A cruising speed of V/√L = 1.34 however would be very uneconomic for a Trawler Yacht and a better choice would be a speed of V/√L = 1.2 (8.49 knots) before the resistance upturn begins. At this speed it can be seen from the table that the resistance is almost halved.
The optimum Cp for V/√L = 1.2 is 0.58 and for V/√L = 1.34 it is 0.62. Therefore a Cp of 0.60 is a prudent choice for a Trawler Yacht.
The penalty for choosing the incorrect Cp is plainly obvious from the table. Take our cruising speed of V/√L = 1.2 for instance. If our vessel has a Cp of 0.70 instead of 0.60 this would mean a 50% increase in resistance (i.e. A 28.02 lb./tonne against 42.02 lb./tonne). An increase of 9% would result from choosing a Cp of 0.5 instead of 0.60.
In summary it has been shown that many of the factors affecting resistance are fixed in the design but that the variable factors should always be optimized. There are a couple of other features that should also be considered.
 Transom immersion – deeply immersed transom sterns can increase resistance markedly.
 Half angle of entry – This is the waterline half angle of entry at the bow and should always be minimized. This is however very difficult in high B/L ratio craft. Full waterlines cause a premature pressure buildup at the bow. In the interests of forward accommodation spaces many vessels have overly full waterlines forward.
What steps can be taken to improve a design where the aforementioned factors are incorrect?
The short answer is very little. Some designers try to negate some of these poor features by fitting a Bulbous Bow. For high Prismatic and Block coefficient shallow draft hulls they have been proved through tank tests to be of benefit, with decreases in resistance of up to 15%. Simply adding a cylindrical bulbous bow to a hull is however not sufficient, it must be properly faired into the hull lines otherwise the laminar flow at the bow is affected.
Ultimately it is better to concentrate on optimizing the important coefficients we have discussed, as the gains to be made are far higher.
HULL TYPES
Hull shapes tend to be of three types:
 Round bilge.
 Double chine.
 Single chine.
We are not aware of any authoritative tank tests having been made on hulls to compare the specific resistance’s of the three hull types, but from our own observations their resistance’s increase in descending order.
Round Bilge hulls are most readily executed in molded GRP hulls but add to the cost of steel and aluminum hulls.
Double Chine hulls can be designed to very closely resemble the features of a round bilge hull. We believe the resistance of this form is only marginally higher than that of a round bilge hull. Double chine is our preference for steel and aluminum hulls.
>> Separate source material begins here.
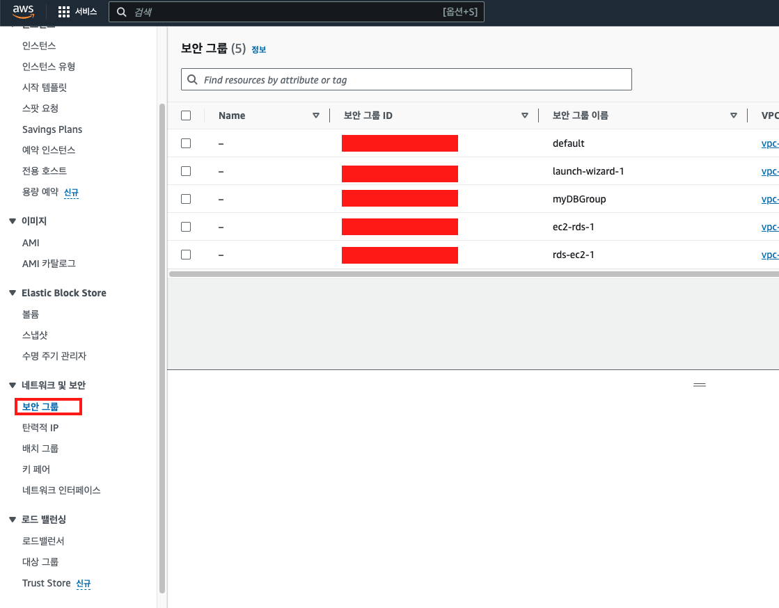 - 보안 그룹 이름 : aws 페이지 내에서 보안 그룹 페이지에서 볼 그룹 이름
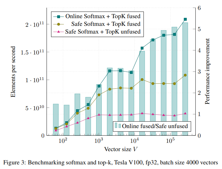 Beam search와 같이 softmax → TopK 순서로 진행되는 경우, 일반적으로 5번의 메모리 액세스가 필요하다.

Single Chine hulls really only have a useful application in fast planning craft and coastal trawler types. Certainly this form has no place in an ocean capable trawler yacht. There are two main reasons for this:
 It is very difficult to design a pleasing hull form because the single chine forces a strong linkage between topside shape and bottom shape where this should never be the case. li>
 By definition the hull ends up with a sharp bilge. Water does not like passing around sharp edges. The only way to avoid this is to attempt to align the bilge with the flow of water along the hull. This is impossible to predict short of undertaking extensive model tests, and in any case this flow is ever changing at sea.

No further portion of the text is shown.